Directions for this task
When you reach the line with "Vtg 1994 Enesco" in the records below, begin transcribing exactly and continue up to and including the line with "Each year a", leaving out every picture.

(Dataset excerpts)

Start of Block

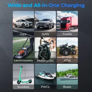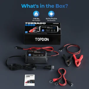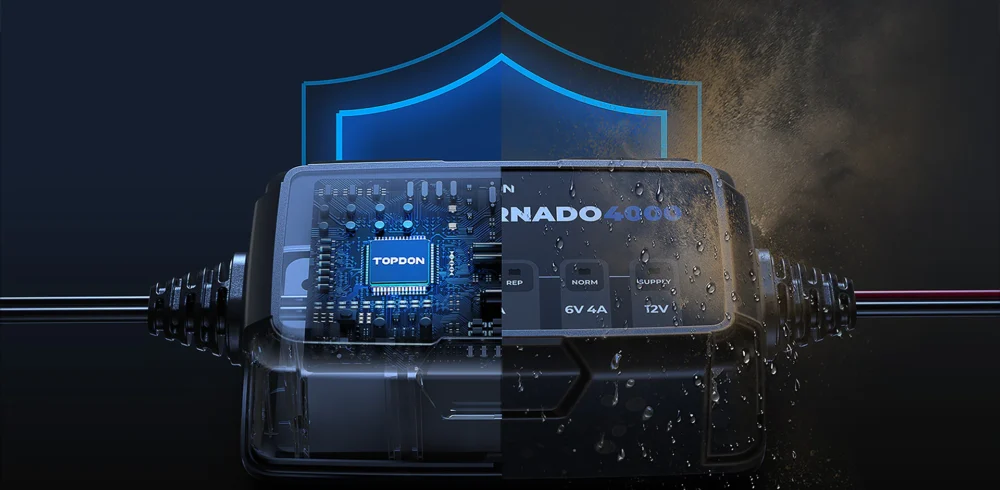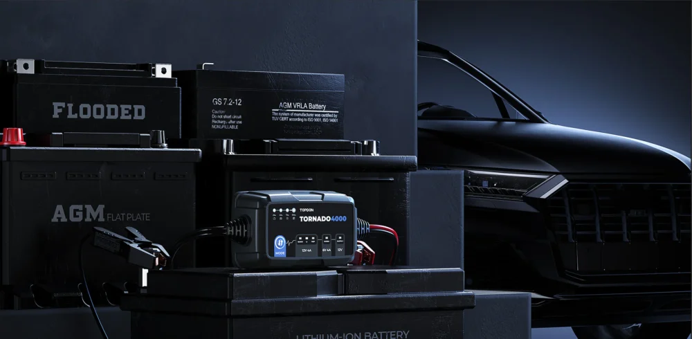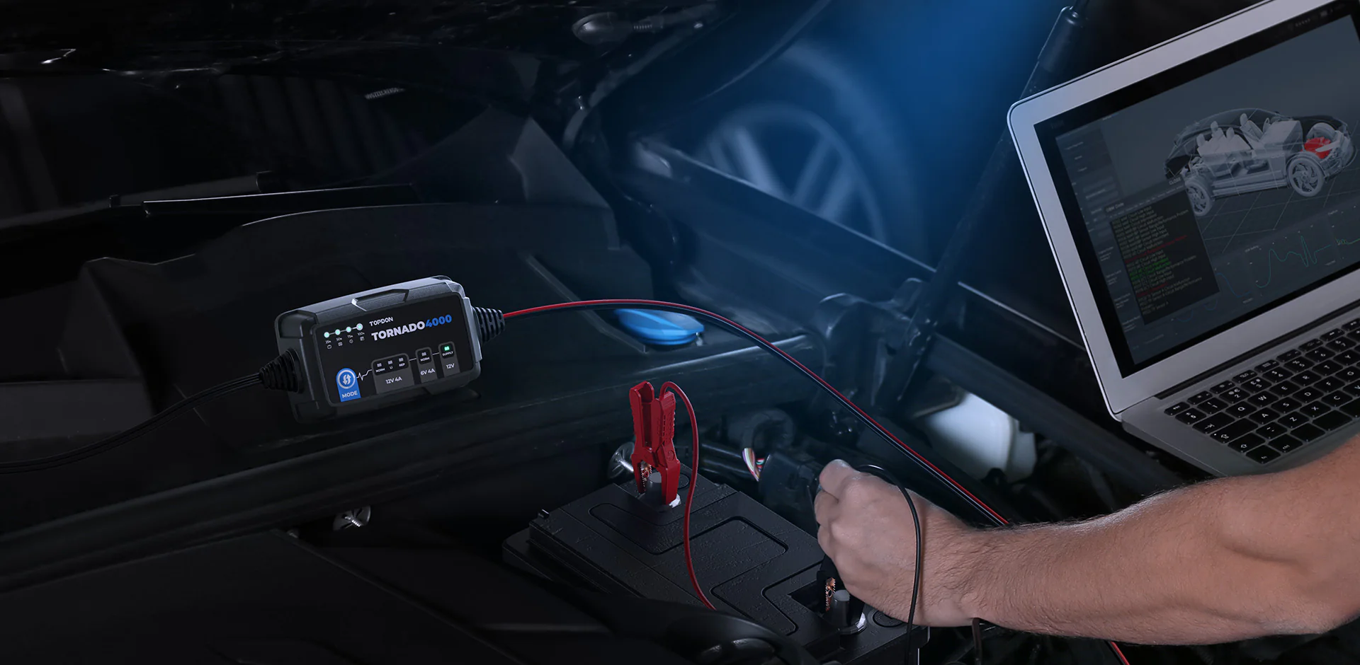 The Tornado4000 supports a wide selection of batteries ranging from 5Ah to 120Ah, compatible with all types of 6V & 12V lead-acid batteries, and 12V lithium batteries including LI, AGM, WET, GEL, MF, CAL, EFB.
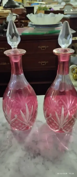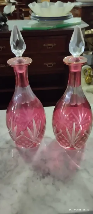 Conjunto de dos licoreras antiguas de cristal con un precioso diseño tallado. - Color rosa intenso. - Tapa de cristal facetado. - Decoración floral tallada en la base.
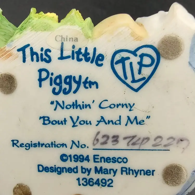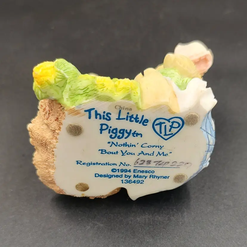 Vtg 1994 Enesco This Little Piggy "Nothing Corny About You And Me"Figurine by Mary Rhyner. Height 3" x width 2" x length 2.5". Made in China
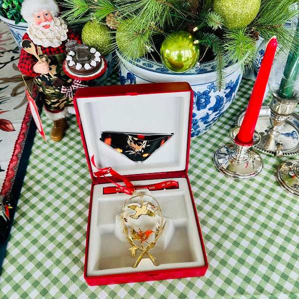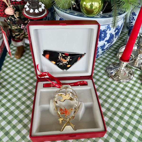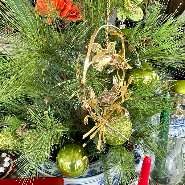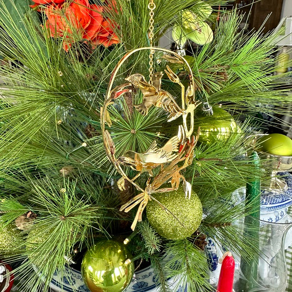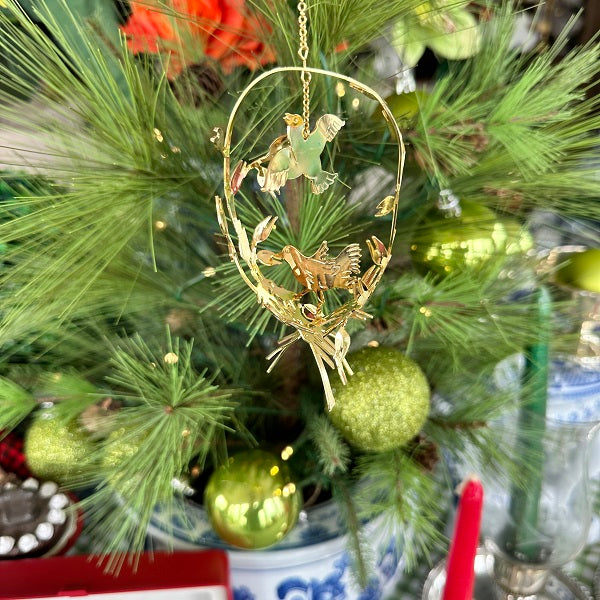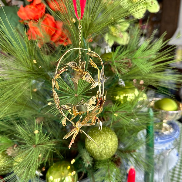 Each year a new artist helps to create the collection. Because of the movement of the ornaments they are usually described as mobiles. This one comes in it's original box with ribbon attached. This beautiful ornament has a gold sheen and the birds float as the ornament swings and turns on the Christmas tree.
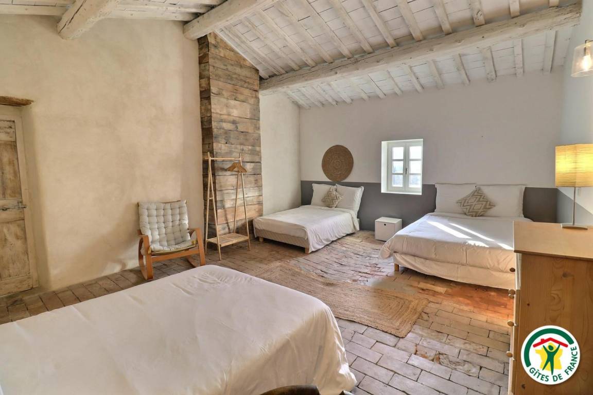 Das Le Mas Constantin erstreckt sich über zwei Ebenen und entfaltet sich mit zahlreichen Stufen und zwei Treppen, die den Raum dezent strukturieren. Beim Betreten fühlt man sich wie in einer intimen Oase. Die rund zehn geräumigen und durchdacht gestalteten Zimmer schaffen ein warmes und modernes Ambiente. Im Erdgeschoss: Wohnküche, Lounge, Coworking-Bereich, Schlafzimmer (180x200 cm Bett, Dusche, WC). Im Obergeschoss: 6 klimatisierte Schlafzimmer (180x200 cm Bett, Badewanne, Ankleidezimmer), (160x200 cm Bett), (3x90x200 cm Betten, darunter 1 Etagenbett), (2x140x190 cm Betten, 130x190 cm Bett), (140x190 cm Schlafsofa, Dusche, WC), (140x190 cm Schlafsofa, Spielzimmer), Duschbad/WC. Draußen, nur für Sie: ein 180 m² großer, umzäunter Innenhof, der zu entspannenden Momenten einlädt, eine Terrasse mit Pergola, Grill, Parkplatz, ein nicht eingezäunter Bereich, ein Kinderspielplatz, eine Boulebahn, Darts, ein Swimmingpool, der Abkühlung unter der provenzalischen Sonne verspricht

End of Block

Reply to the task
 Vtg 1994 Enesco This Little Piggy "Nothing Corny About You And Me"Figurine by Mary Rhyner. Height 3" x width 2" x length 2.5". Made in China
 Each year a new artist helps to create the collection. Because of the movement of the ornaments they are usually described as mobiles. This one comes in it's original box with ribbon attached. This beautiful ornament has a gold sheen and the birds float as the ornament swings and turns on the Christmas tree.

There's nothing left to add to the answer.